Work to be completed:
Starting at the top of the records below and ending with the line that contains "Circular clear tempered", print each line exactly as written, skipping the pictures.

Recorded data:
□ □ □ □ □ □ □

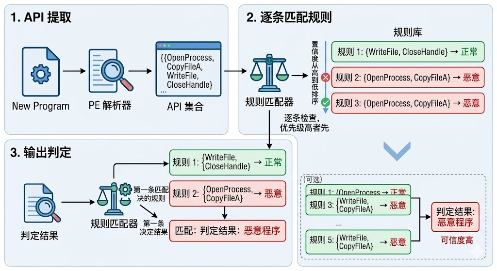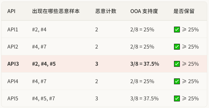 第二轮的关键启示:虽然 API1 单独看在恶意样本中出现了 2 次(通过了第一轮),但它和 API2、API4、API5 的组合都只出现了 1 次,全部被淘汰。这说明 API1 虽然在恶意程序中有一定存在感,但它和其他 API 的"协同出现"模式并不突出------它更像是一个通用 API,恶意和正常程序都在用。唯一保留的是 {API1, API3},因为 API3 本身就是一个强恶意指标。
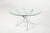 Circular clear tempered glass is held up by entwining chrome legs to create a poised composition. Table comfortably fits four people. Also available as a rectangular table.
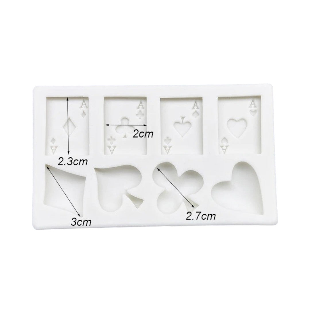🃏♣️ ¡Ideal para jugadas dulces y creativas! El Molde Silicona Cartas de Póker incluye ocho cavidades: cuatro cartas (los ases de cada pinta: corazones, diamantes, tréboles y picas), y cuatro símbolos individuales de cada pinta, perfectos para personalizar tus postres con una temática de casino, juegos, fiestas Las Vegas o magia.
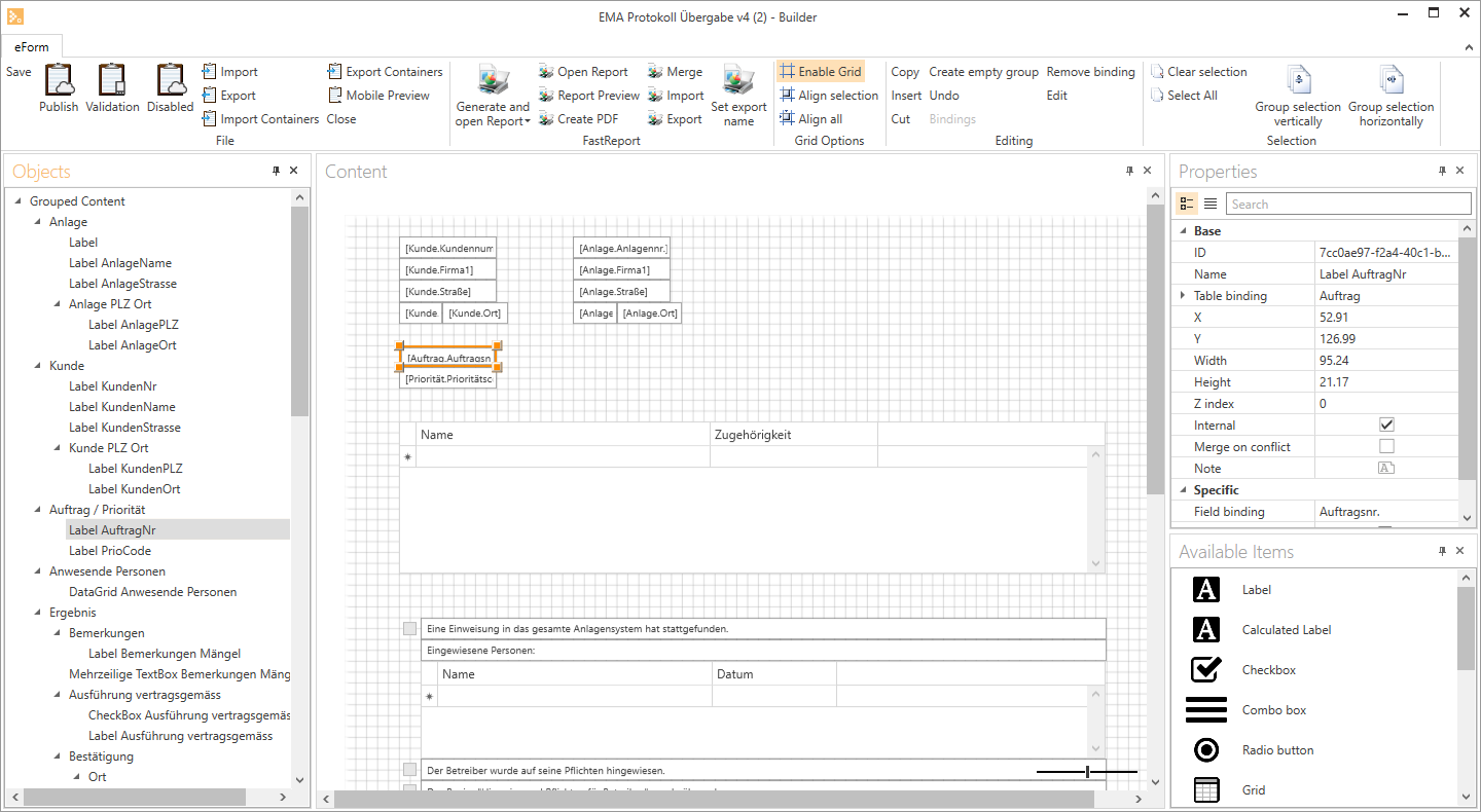 The menu bar contains various functions, such as Save or Preview, and you can also open the FastReport that is linked to the eForm.
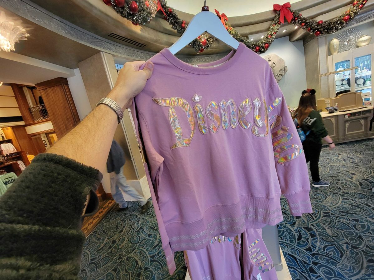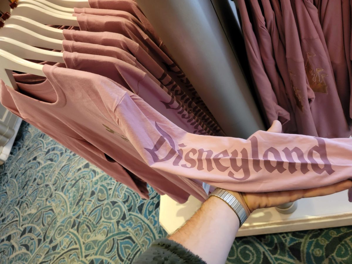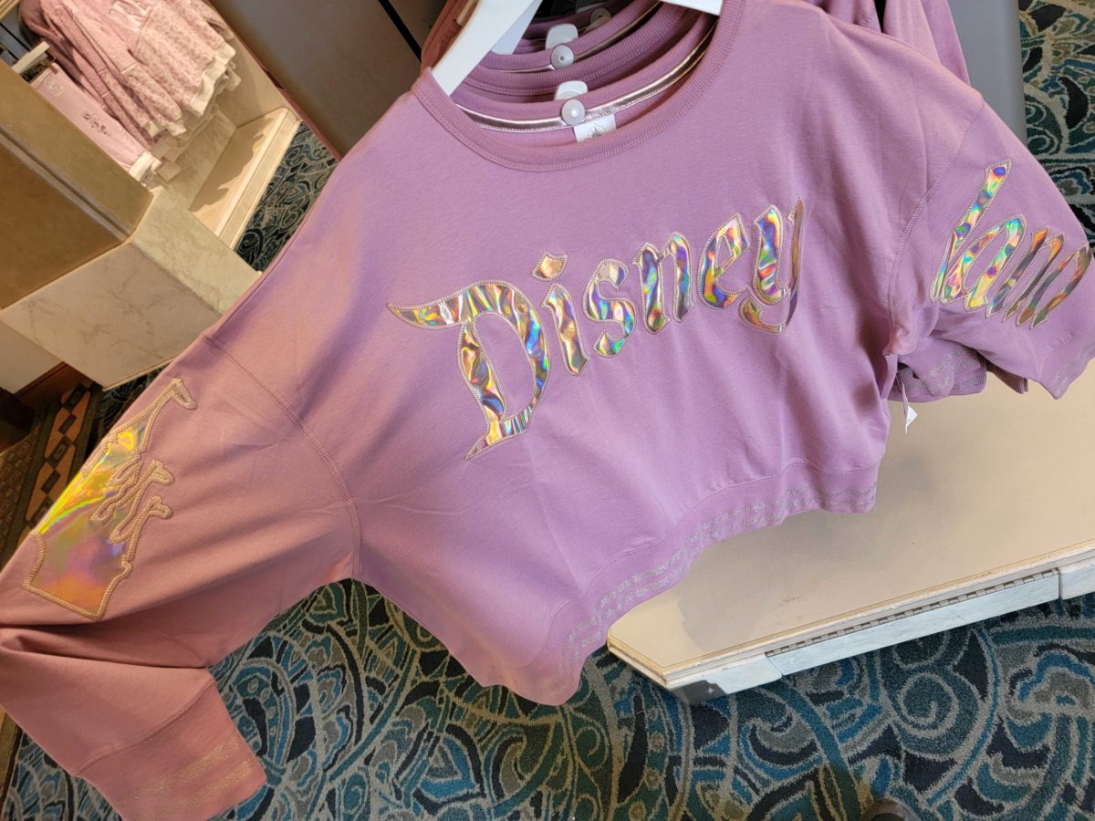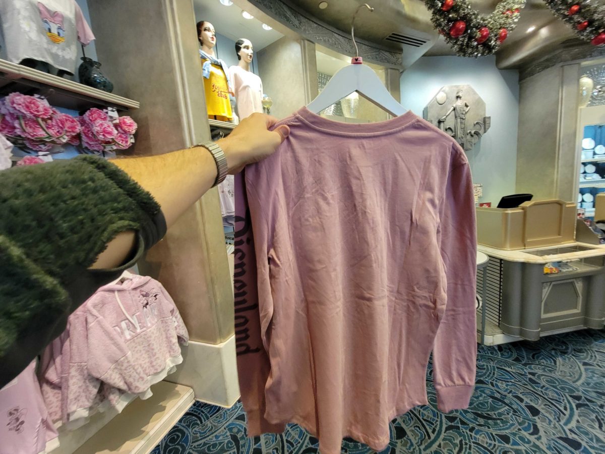 “Disneyland” is on one sleeve in a darker pink.
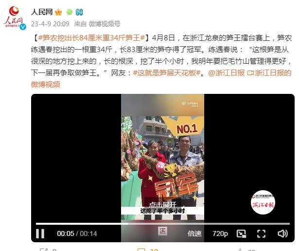 4月8日,在浙江龙泉的笋王擂台赛上,笋农练遇春挖出的一根重34斤,长83厘米的笋夺得了冠军。练遇春说:“这根笋是从很深的地方挖上来的,长的根深,挖了半个小时,我明年要把毛竹山管理得更好,下一届再争取做笋王。”网友:这就是笋届天花板。
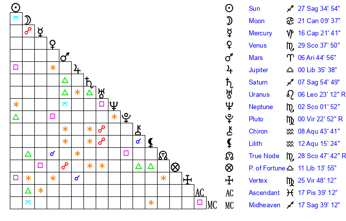 Sun | 27 Sagittarius 34 | 28 Sagittarius 5 | 6 Pisces 37 |
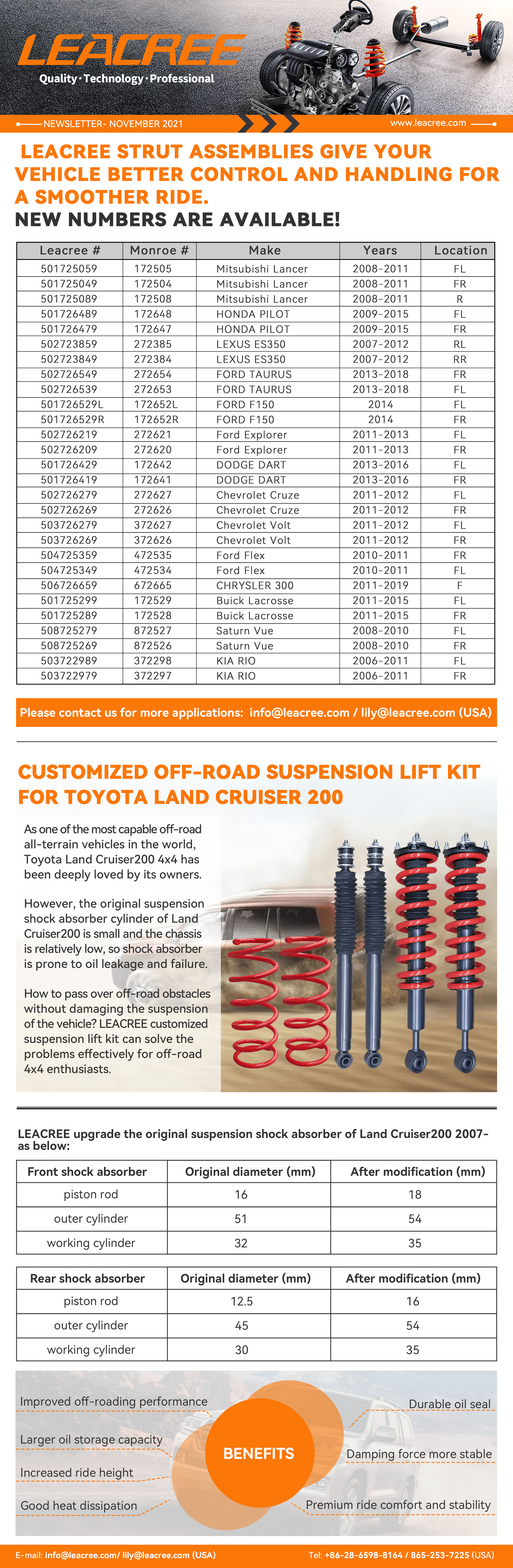 分享 2021 年 11 月的 Leacree 通讯。 ✔推出28款新的完整支柱总成,查看应用如下。 ✔推荐产品:Toyota Land Cruiser 200 2007 定制越野悬挂提升套件- 发帖时间:2021年11月12日
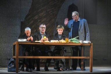 Актеры Роза Хайруллина в роли Жюльены, Евгений Дятлов в роли Натана, Татьяна Казючиц в роли Элизы и Валентин Смирнитский в роли Пьера (слева направо) во время пресс-показа спектакля «Разговоры после погребения» по одноименной пьесе французской актрисы и драматурга Ясмины Реза в постановке Вадима Дубровицкого в новом театральном пространстве «LA’Театра».
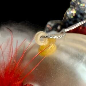 The VTG Robert Stanley Anthropomorphic Blown Glass Pug Dog Christmas Ornament is a small, vintage decoration perfect for the holiday season. Handmade and featuring a unique anthropomorphic design, this ornament depicts a glamorous pug dog and is adorned with sequin beads, hand-painted details, and embellishments like glitter, lace and feathers. The blown glass material and hanging feature make it a charming addition to any Christmas tree, adding a touch of whimsy and nostalgia to your seasonal decor.
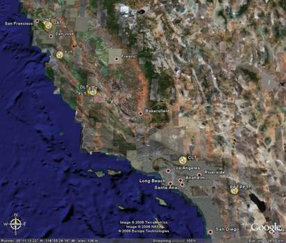 · CHT and GAT are situated in the East Bay region of San Francisco Bay. · SJT is close to San Juan Bautista to the south of San Francisco · EDT, FLT and DLT are situated in the Parkfield region of central California · PFT instrument is situated in Southern California, in the mountains near Palm Desert. · CLT is situated in the Los Angeles region
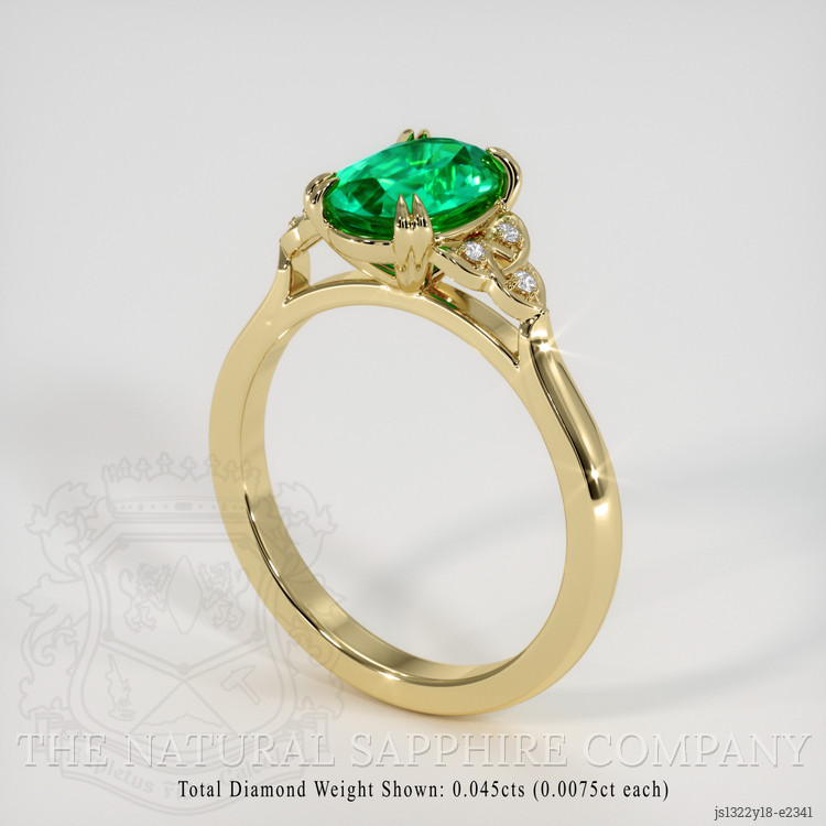 Accent Stones Emerald Ring 1.15 Ct., 18K Yellow Gold

□ □ □ □ □ □ □

Task response:
 第二轮的关键启示:虽然 API1 单独看在恶意样本中出现了 2 次(通过了第一轮),但它和 API2、API4、API5 的组合都只出现了 1 次,全部被淘汰。这说明 API1 虽然在恶意程序中有一定存在感,但它和其他 API 的"协同出现"模式并不突出------它更像是一个通用 API,恶意和正常程序都在用。唯一保留的是 {API1, API3},因为 API3 本身就是一个强恶意指标。
 Circular clear tempered glass is held up by entwining chrome legs to create a poised composition. Table comfortably fits four people. Also available as a rectangular table.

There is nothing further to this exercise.